■ **Problem details**
Repeat the data exactly, leaving out any image.

**** Material provided

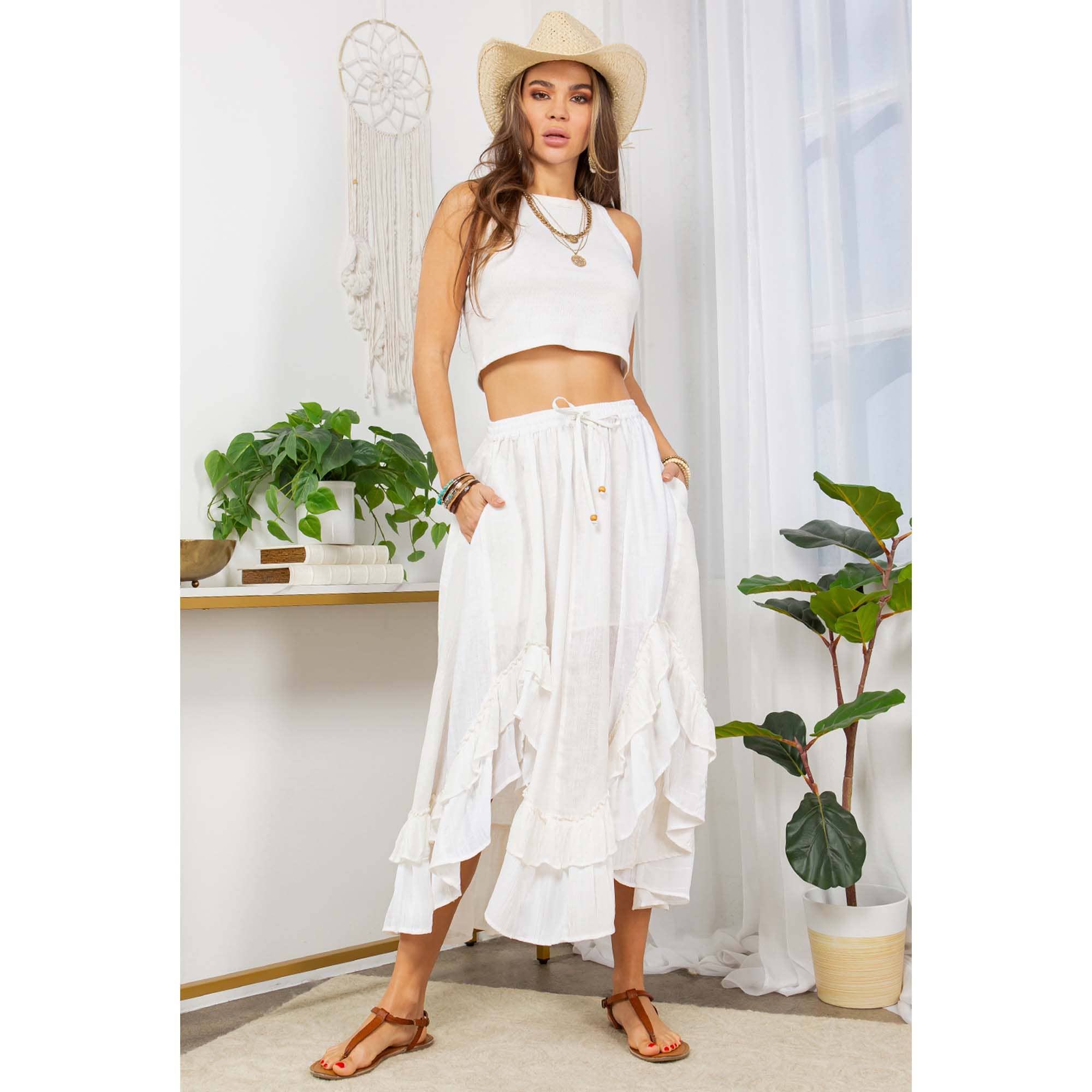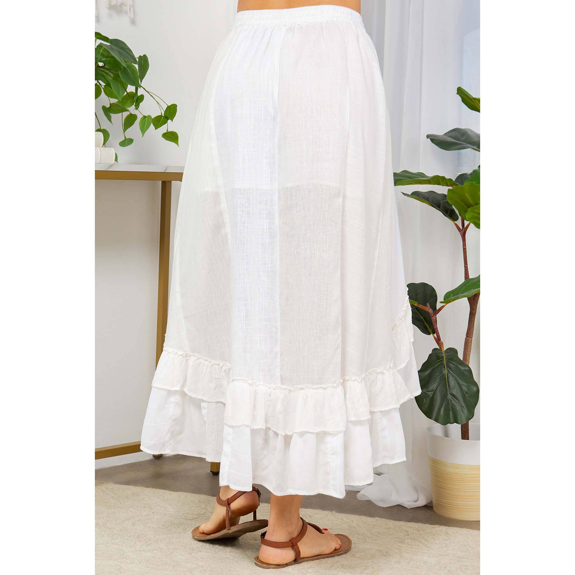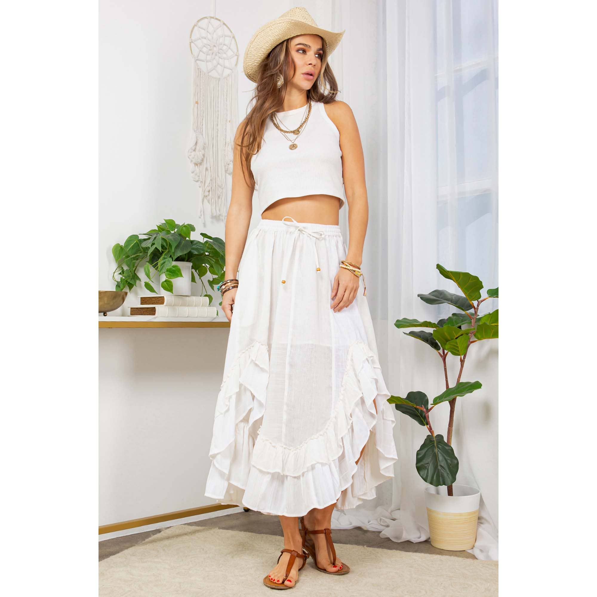 Embrace the whispers of the West in this captivating mid-length skirt, where a symphony of textured poly-linen patches dances together in a celebration of bohemian spirit. Inspired by the adventurous caravan riders of the 70s, this skirt features a clean, symmetrical silhouette with vertical panels. Each panel showcases a unique textured poly-linen fabric, creating a visually stunning patchwork masterpiece. The skirt culminates in a playful double yo-yo like frill detail around the bottom, adding a touch of movement and feminine charm. Washed to a crisp white tone, this garment embodies the free spirit of the 70s, offering a modern take on a timeless bohemian aesthetic. Pair it with your favorite top and let your inner western rider roam free.
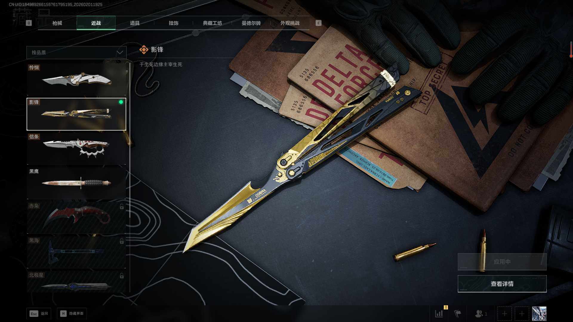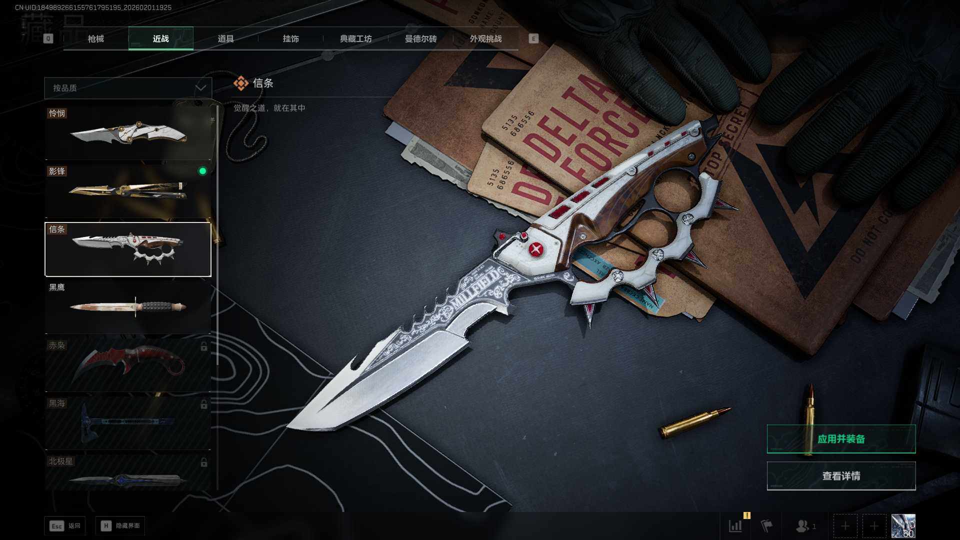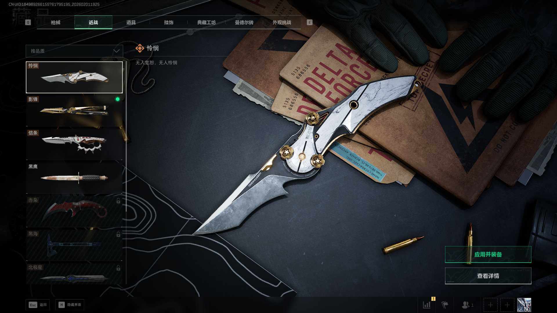 【近战皮肤】:近战-信条,近战-影锋,近战-怜悯,近战-黑鹰
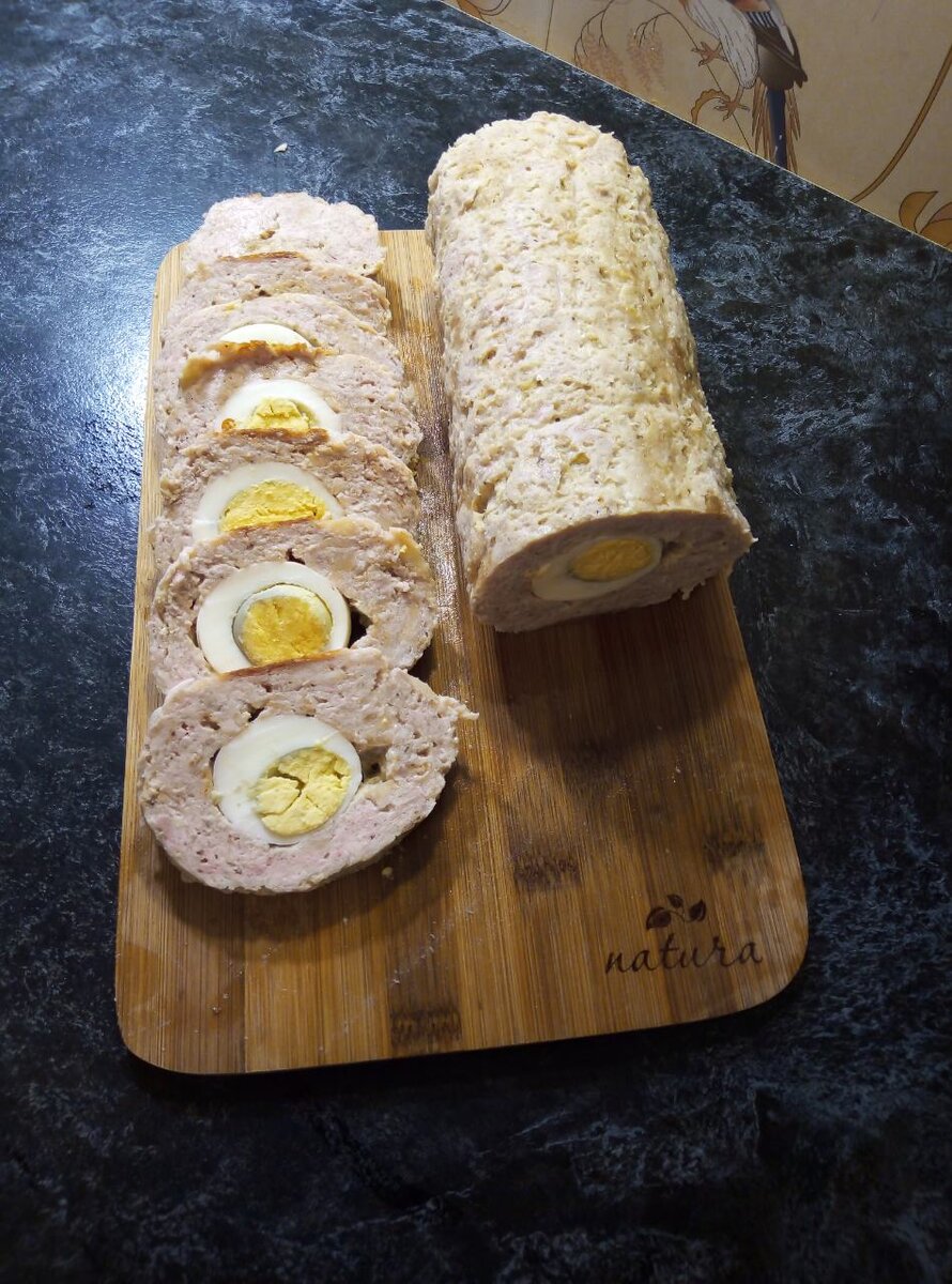 Куриное мясо по праву можно назвать универсальным продуктом, и которого можно делать множество кулинарных шедевров. И сегодня я хотела бы поделится с Вами одним из самых любимых в моей семье рецептов куриного рулета с яйцами. Скажу сразу яйца можно можно заменить на любую другую начинку, по Вашему усмотрению! Но давайте приступим. Для приготовления блюда нам понадобится чеснок головка , соль перец черный и 2 килограмма куриного филе! Для начинки 4 недоваренных в крутую яйца! Филе пропускаем через мясорубку с чесноком солим перчим по вкусу. Затем все это дело раскладываем на столе в виде пласта толщиной в большой палец и выкладываем предварительно отваренные до состояние жидкого желтка яйца( конечно очистив от скорлупы!) Формируем колбасу и дальше по Вашему усмотрению варим,жарим или запекаем! В моем случае я его варю, обвернув в пищевую пленку для сохранения формы! 20 минут в кипятке и нежный рулет готов! Особенности приготовления - их нет! Некоторые его готовит из пластов филе,

********

■ **Answer**
 Embrace the whispers of the West in this captivating mid-length skirt, where a symphony of textured poly-linen patches dances together in a celebration of bohemian spirit. Inspired by the adventurous caravan riders of the 70s, this skirt features a clean, symmetrical silhouette with vertical panels. Each panel showcases a unique textured poly-linen fabric, creating a visually stunning patchwork masterpiece. The skirt culminates in a playful double yo-yo like frill detail around the bottom, adding a touch of movement and feminine charm. Washed to a crisp white tone, this garment embodies the free spirit of the 70s, offering a modern take on a timeless bohemian aesthetic. Pair it with your favorite top and let your inner western rider roam free.
 【近战皮肤】:近战-信条,近战-影锋,近战-怜悯,近战-黑鹰
 Куриное мясо по праву можно назвать универсальным продуктом, и которого можно делать множество кулинарных шедевров. И сегодня я хотела бы поделится с Вами одним из самых любимых в моей семье рецептов куриного рулета с яйцами. Скажу сразу яйца можно можно заменить на любую другую начинку, по Вашему усмотрению! Но давайте приступим. Для приготовления блюда нам понадобится чеснок головка , соль перец черный и 2 килограмма куриного филе! Для начинки 4 недоваренных в крутую яйца! Филе пропускаем через мясорубку с чесноком солим перчим по вкусу. Затем все это дело раскладываем на столе в виде пласта толщиной в большой палец и выкладываем предварительно отваренные до состояние жидкого желтка яйца( конечно очистив от скорлупы!) Формируем колбасу и дальше по Вашему усмотрению варим,жарим или запекаем! В моем случае я его варю, обвернув в пищевую пленку для сохранения формы! 20 минут в кипятке и нежный рулет готов! Особенности приготовления - их нет! Некоторые его готовит из пластов филе,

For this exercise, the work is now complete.